American Life Histories: Manuscripts from the Federal Writers' Project, 1936 to 1940

Oregon Mines and Mining Life

W13900
Beliefs and Customs - Folkstuff Accession no.
W 13900

Date received 10/10/40 Consignment no. 1 Shipped from Wash. Office LabelAmount 10

WPA L. C. PROJECT Writers' UNIT

Form [md] 3 Folklore Collection (or Type) Title Oregon mines and mining life Place of origin Portland, Oreg. Date 1/6/39 Project worker Manly M. Banister Project editor Remarks

Form A

Circumstances of Interview Federal Writers' Project
Works Progress Administration OREGON FOLKLORE STUDIES
Name of worker Manly M. Banister Date January 6, 1939. Address 2071 SW Park Avenue, Portland.
Subject Oregon Mines and Mining Life.

Name and address of informant Mrs. Kitty Gray 1814 SE Madison Street
Date and time of interview January 5, 1939.

Place of interview 1814 SE Madison Streets Portland.

Name and address of person, if any, who put you in touch with informant Her nephew, John W. Shea, of the Oregon Historical Records Survey staff.
Name and address of person, if any, accompanying you None Description of room, house, surroundings, etc.
The house is a large, two story one, containing four flats, each of which has a door opening into a common front hall below. Mrs. Gray was visiting her sister, Mrs. Shea, at the apartment designated D. This flat is on the lower floor, west. It is well-furnished and comfortable, but not opulent.
Form B

Personal History of Informant Federal Writers' Project
Works Progress Administration OREGON FOLKLORE STUDIES
Name of worker Manly M. Banister Date January 6, 1939. Address 2071 SW Park Avenue, Portland
Subject Oregon Mines and Mining Life.

Name and address of informant Mrs. Kitty Gray. 1814 SE Madison Street, Portland.
Information obtained should supply the following facts:

1. Ancestry
2. Place and date of birth
3. Family
4. Places lived in, with dates
5. Education, with dates
6. Occupations and accomplishments with dates
7. Special skills and interests
8. Community and religious activities
9. Description of informant
10. Other points gained in interview

Mrs. Gray was born in Knoxville, Iowa, October 8, 1857. She lived in Corydon, Iowa, until 1862, when the family came to Oregon. She has four daughters, three grandsons, four granddaughters, three great-granddaughters, and one great-grandson. She lives now in Salem.

Mrs. Gray is a very small woman, but she appears bright and intelligent. As she talked, she rested both hands in her lap, and these shook continually with palsy. She remarked that a year ago she could have said more than now, for her memory is not so good.
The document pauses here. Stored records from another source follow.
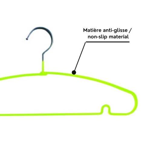 Cintre de la marque MSV. Cintre pour Optimisez et simplifiez le rangement. Grâce aux courbes des deux cotés, les épaules ne se plient pas et ne se déforment pas lors de la suspension ce qui permet de garder la forme d’origine d’un vêtement. Permet de maintenir tous types de vêtements. Fabriqué en Acier, bonne capacité de charge solide et décoratif. Dimensions: 39,5x19cm Couleur: Vert Matière: Acier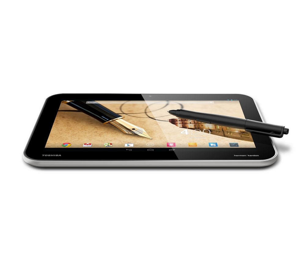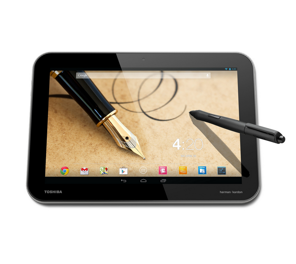Excite Write พี่ใหญ่สุดจากทาง Toshiba ซึ่งโดยส่นใหญ่ จะมีรายละเอียดของต้วเครื่องเหมือนกันกับตัว Excite Pro แต่สิ่งที่เพิ่มเติมเข้ามานั้นคือการใช้งานร่วมกันกับ “TruPen” ปากกาเขียนหน้าจอ 1024-point pressure sensitive stylus เทคโนโลยีของปากกาเขียนจอตัวใหม่ที่ทาง Toshiba ภูมิใจนำเสนอ พร้อมแอพพลิเคชั่นที่รองรับการใช้งานด้านเอกสารและงานขีดๆเขียนๆ อย่าง “TruNote,” และ ThinkFree Office ใช้กระจก Gorilla Glass 2 เพื่อปกป้องมลทินจากการขีดของหัวปากกา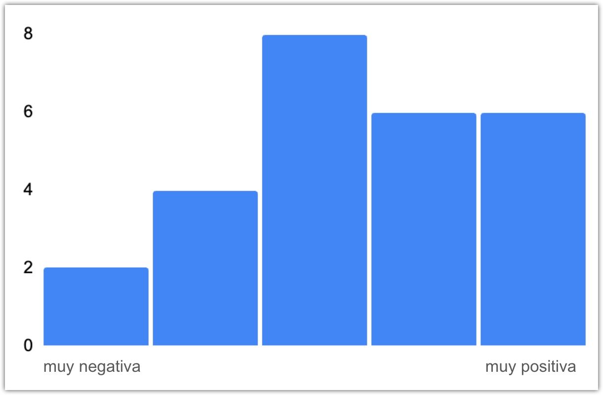Más allá de todo lo anterior, y que en un punto era esperable, lo que más nos llamó la atención fue la diferencia de opinión cuando preguntamos si consideraban positiva o negativa la irrupción de IA en la educación, el siguiente histograma muestra la consolidación de las respuestas.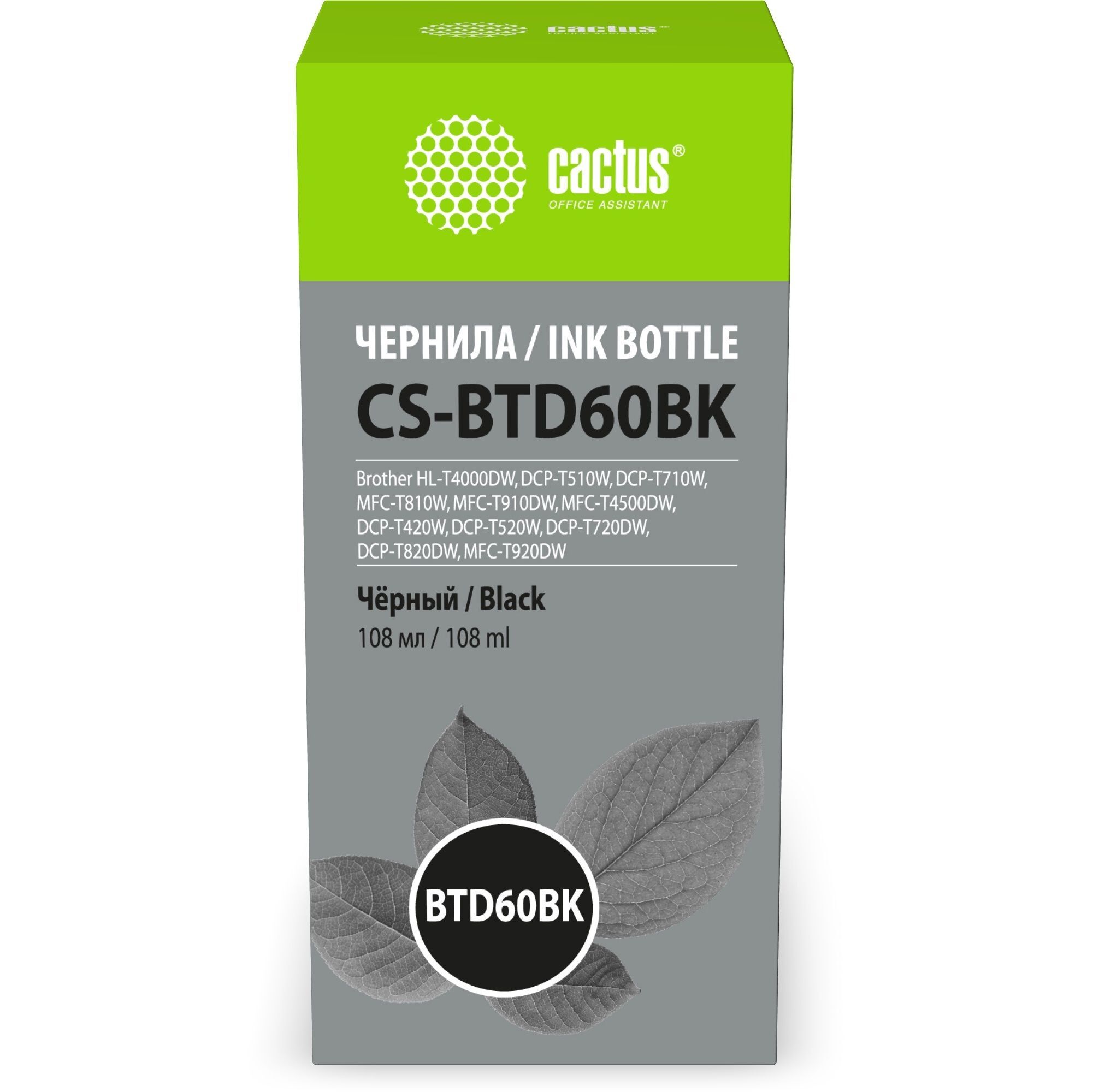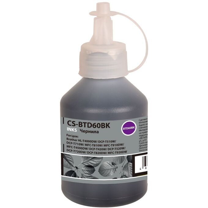 Чернила Cactus CS-BTD60BK черный 108мл для Brother HL-T4000DW, DCP-T510W, DCP-T710W, MFC-T810W, MFC-T910DW, MFC-T4500DW, DCP-T420W, DCP-T520W

Given in her own words, this is Mrs. Gray's personal history:

?I first came to Oregon in 1862, by ox team. We landed in Oregon with a horse, a cow, and half a wagon. The wagon had broken down on the way and we cut it down to two wheels to finish the trip. My father helped build the whole town of La Grande. He was a cabinet maker, and he made the first furniture used in Grand 2 Ronde Valley. He organized the Odd Fellows Lodge in La Grande, and other places around there. I will say too that I helped build all the different churches, because I went around singing, playing, and collecting money for them. My father was the first treasurer appointed by Governor Gibbs in Eastern Oregon. It was all Union County then. There was no Baker County like there is today.

?My brother was the first white child born in the Grand Ronde Valley. His name was Harry Kinsey. That was in the Valley just out of La Grande. The place was called Iowa Settlement, about ten miles from La Grande, because the people who settled there were all from Iowa.

?I belong to the Presbyterian Church now, but all my life until late years I was a Methodist. Our home was the home of all the Methodist ministers who came to eastern Oregon. They all made their homes with us. There was Father Flynn, Reverend Hines, and a number of others.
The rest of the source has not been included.